What is Lyric Intelligibility?​
Our sensory panel of hearing aids users with hearing loss, refers to Lyric Intelligibility as "how clearly and effortlessly the words in the music can be heard." Some songs are intrinsically less intelligible than others. Factors that can affect intelligibility include [1]:
- Vocal style and articulation.
- Song genre.
- Mixing and production techniques.
- Listener hearing ability.
Our dataset considers all these factors by:
- It includes different singing styles from rap to rock.
- It includes songs from a large range of genres.
- Songs have various mixing levels with some having the vocals more prominent and others where the vocals are masked by the background accompaniment.
- All samples are presented as-is and processed by a hearing loss simulator, to model different listener ability.
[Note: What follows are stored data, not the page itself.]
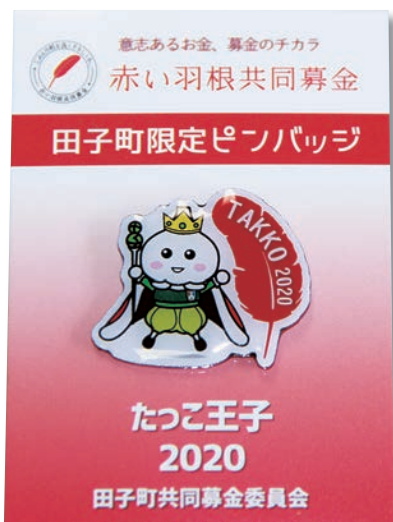
今年度のピンバッジ

1回500円で回すことができ、代金は赤い羽根共同募金へ寄付され、田子町の福祉活動の推進に役立てられます。ガーリックセンターへお越しの際には是非チャレンジしてみてくださいね！ただし500円硬貨は使用できませんので、両替がないよう100円硬貨5枚のご用意をお願いします。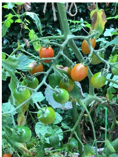
み 実をつけたトマト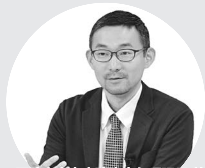
諏訪赤十字病院臨床心理課長 兼 国際赤十字心のケア登録専門家

講演は感染流行状況により、延期またはリモートとなる場合があります。予めご了承ください。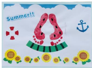
7月はすいかの足型アートを作ります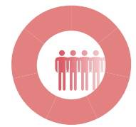
Veröffentlichung der Norm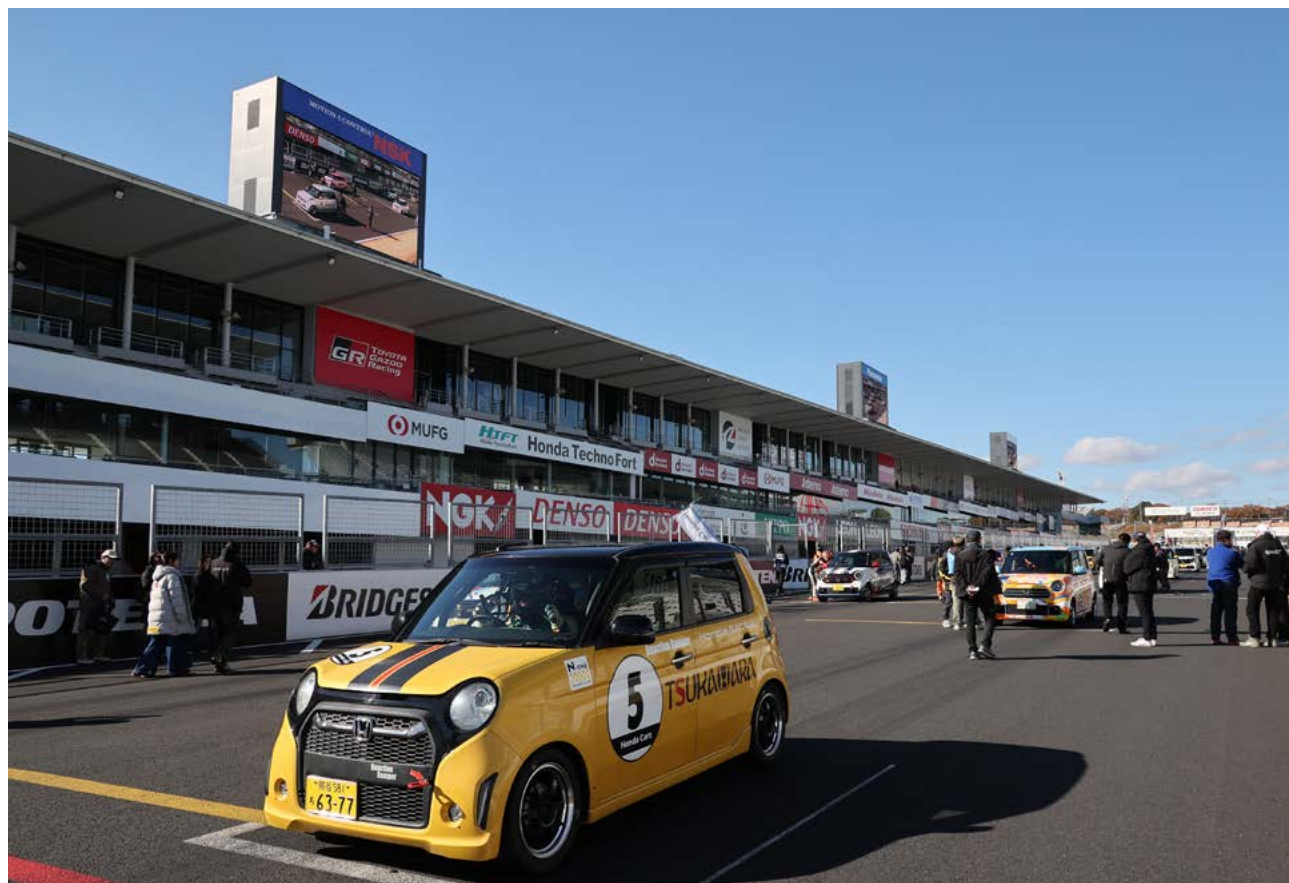
土曜日に行われた、N-ONE OWNER'S CUPレース。鮮やかなカラーリングをまとった50台がエントリーした

SUZUKA CHAMPION CUP RACEと名称を変え、新しい歴史を一步步ずつ進む大会の2025年シーズンは、多くのレースファンに見守られ、無事に全日程を終えた。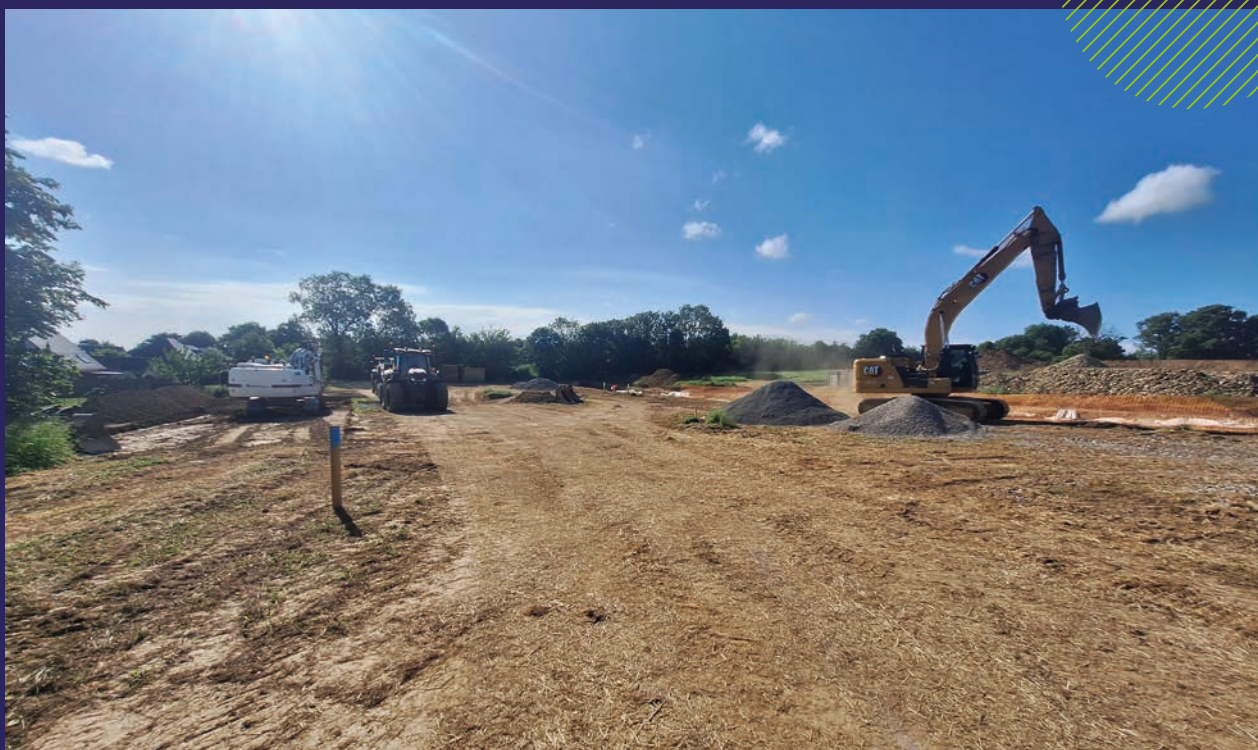
Travaux d'aménagement du nouveau quartier

Dans une volonté affirmée de favoriser les mobilités douces, des liaisons piétonnes et cyclables seront aménagées le long des haies. Ces cheminements offriront des connexions sécurisées vers le cœur de bourg ainsi que vers le sentier de randonnée qui longe le quartier au sud, renforçant ainsi l'accessibilité et la cohérence d'ensemble du tissu urbain.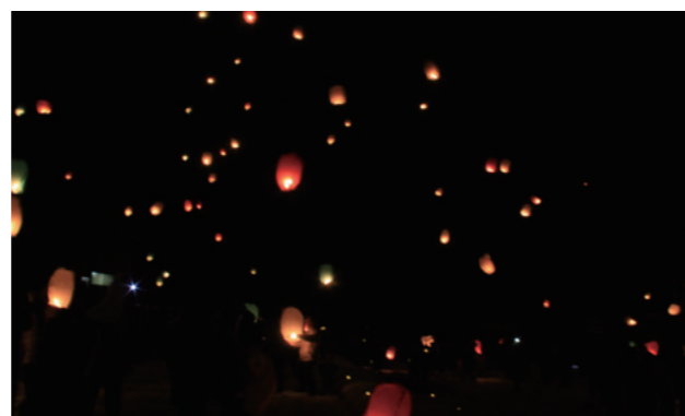
スカイランタンが夜空を彩りました

町制施行70周年記念事業として『第30回まんだらの里・雪の芸術祭2024』が2月10日に作谷沢ふれあい自然館周辺で開催されました。スカイランタンの打ち上げイベント“SKY LIGHT～天灯～”が行われ、幻想的な雰囲気に包まれました。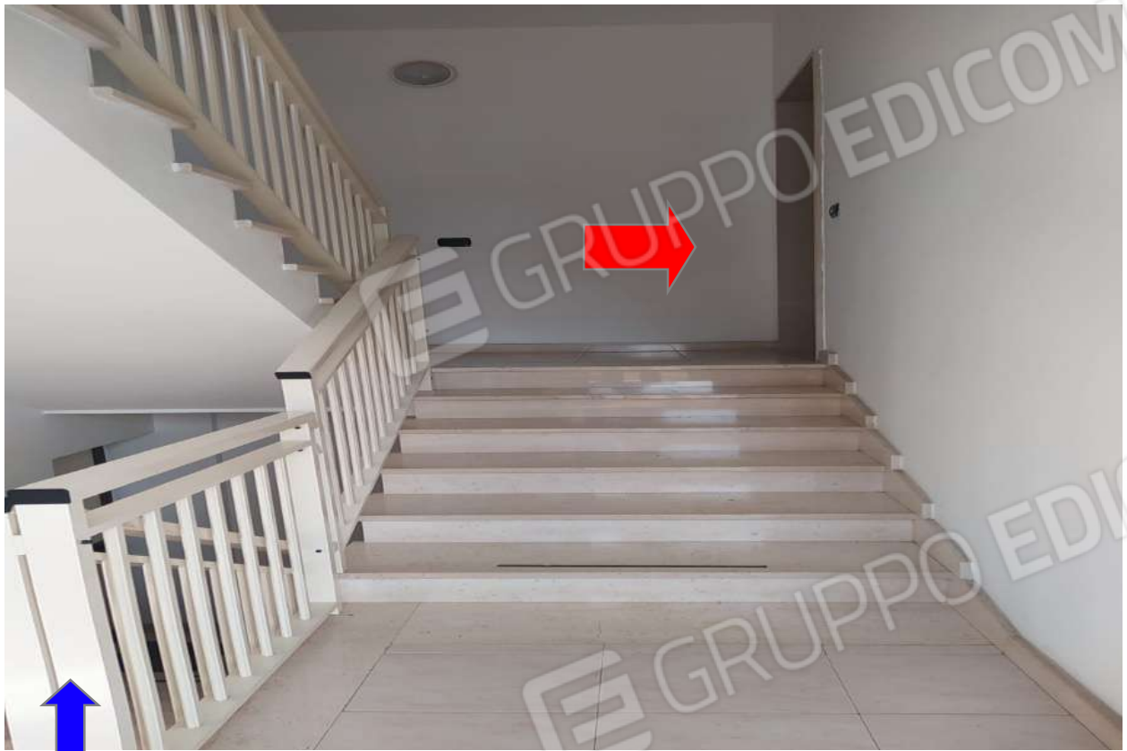
Foto 2 - Vista ingresso androne comune-accesso dell'abitazione al piano rialzato.

Foto 3 - Vista prospetto principale - Particolare infissi e finiture esterne.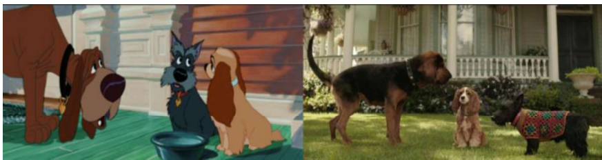
Figura 8 – Whisky e Jacqueline

Altre differenze si possono notare nella scena in cui Lilli riceve la sua medaglietta. Nel FAC va prima a raccontare la grande novità al suo amico Whisky; mentre nel RLAM la cagnolina va prima dall'amico Fido e dopo un po' entra in scena la sua amica Jackie. Infatti, nel RLAM, Whisky viene sostituito dalla cagnolina Jacqueline.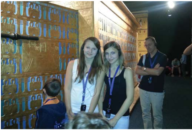
Am 25. April 2014 besuchte die 4. Klasse die Ausstellung zum Thema TUTANCHAMUN in Linz.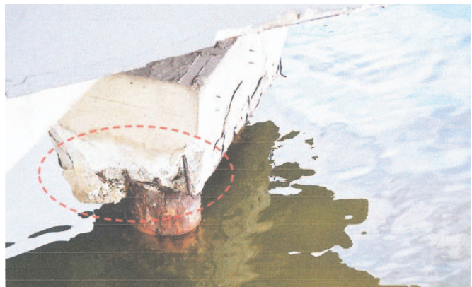
Figura 4 – Deslocamento do concreto adjacente.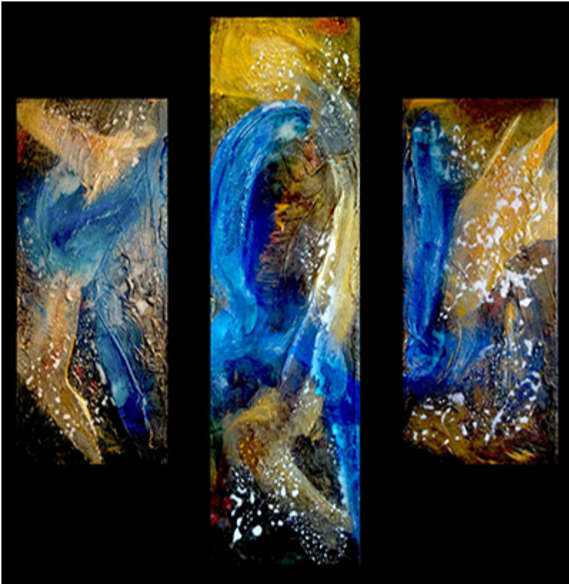
« Triptyque N°III.b-2018 » Assemblage 109,9x90cm toiles 30x60cm / 30x90cm / 30x60cm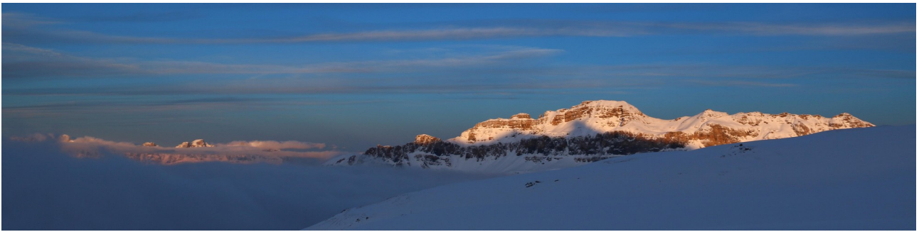
na sněžnicích u Spitzmeilenhütte, mlha se právě roztrhla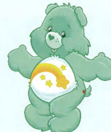
★ 我想見中信象球員彭政閔！ 阿宇，10歲，腦幹腫瘤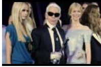
Model, Muse und dreifache Mutter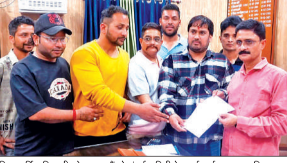
जिला पूर्ति अधिकारी को ज्ञापन सौंपते संघर्ष वाहिनी के कार्यकर्ता।

इधर बागेश्वर जन संघर्ष वाहिनी ने जिला पूर्ति अधिकारी को ज्ञापन सौंपकर रोस्टर के अनुसार गैस वितरण की मांग की है। संगठन ने चेतावनी दी कि तीन दिन के भीतर व्यवसायिक कोटा उपलब्ध नहीं कराया गया तो कार्यालय में तालाबंदी की जाएगी। संघर्ष वाहिनी के पदाधिकारियों ने बताया कि कई स्थानों पर गैस वाहन पहुंचने से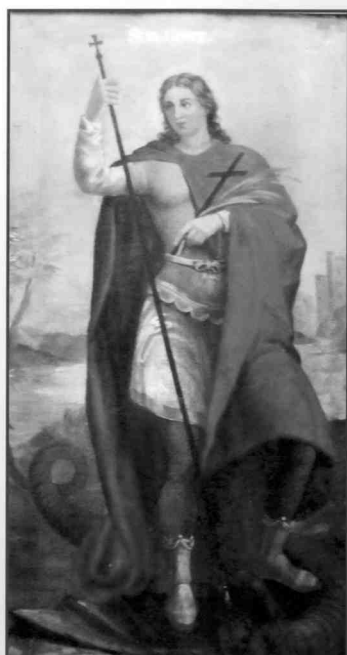
Sf. Mare Mucenic Gheorghe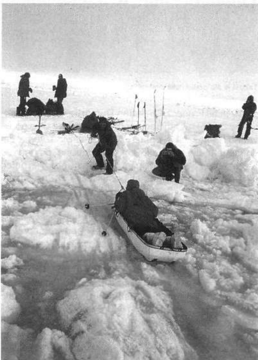
Potem ko sta dva člana odprave padla v vodo, ker se jima je udrla pretenka ledena skorja, je na nevarnih mestih tvegala eden, ki je potem druge na saneh – pulkah takole zvezel preko nevarnih mest.

Orientacija je bila ob lepem vremenu zelo preprosta. Sonce je okoli Severnega tečaja v določenem letnem času in mesecu vseskozi enako visoko; zjutraj je bilo točno na desni strani, na vzhodu, šest ur pozneje na jugu, za hrptom torej, še šest ur pozneje na levi strani, na zahodu, in opolnoči tik pred popotniki, na severu.

No Loss | Mild | Moderate |
---|---|---|
Learning from Speech Intelligibility prediction​
Speech Intelligibility prediction is an established area of research and many different algorithms have been developed. In contrast, metrics for lyrics are very rare (e.g. singing adapted STOI [3]). Consequently, there are many techniques from speech that could be adapted to music to create novel research. For instance, foundation models have made blind (non-intrusive) speech intelligibility metrics much more accurate, can they be adapted for music? Current speech metrics are unreliable for music, because spoken and sung language and intonation are different. Also, sung speech is typically embedded in a music accompaniment which has different characteristics than the independent noise background that spoken speech metrics try to account for. These will pose interesting problems for challenge entrants to overcome.
What will be provided?​
- A novel dataset of song excerpts paired with lyric intelligibility scores from listening tests.
- Software and baseline system.
- A leaderboard via Eval.AI to allow entrants to track progress.
Some song excerpts will be passed through a hearing loss simulator. But entrants can accepted the audio as-is, and no knowledge of hearing loss modelling is needed to take part in the challenge.
ICASSP​
The top teams will be invited to submit papers to present during ICASSP 2026, 4-8th May 2026, Barcelona, Spain.
Expressing interest​
To register and express your interest, please fill out the registration form. And also sign up to our Google group for alerts and discussions about the challenges.
References​
- Fine, P. A. and Ginsborg, J., 2014. Making myself understood: perceived factors affecting the intelligibility of sung text. Frontiers in psychology, 5, 809.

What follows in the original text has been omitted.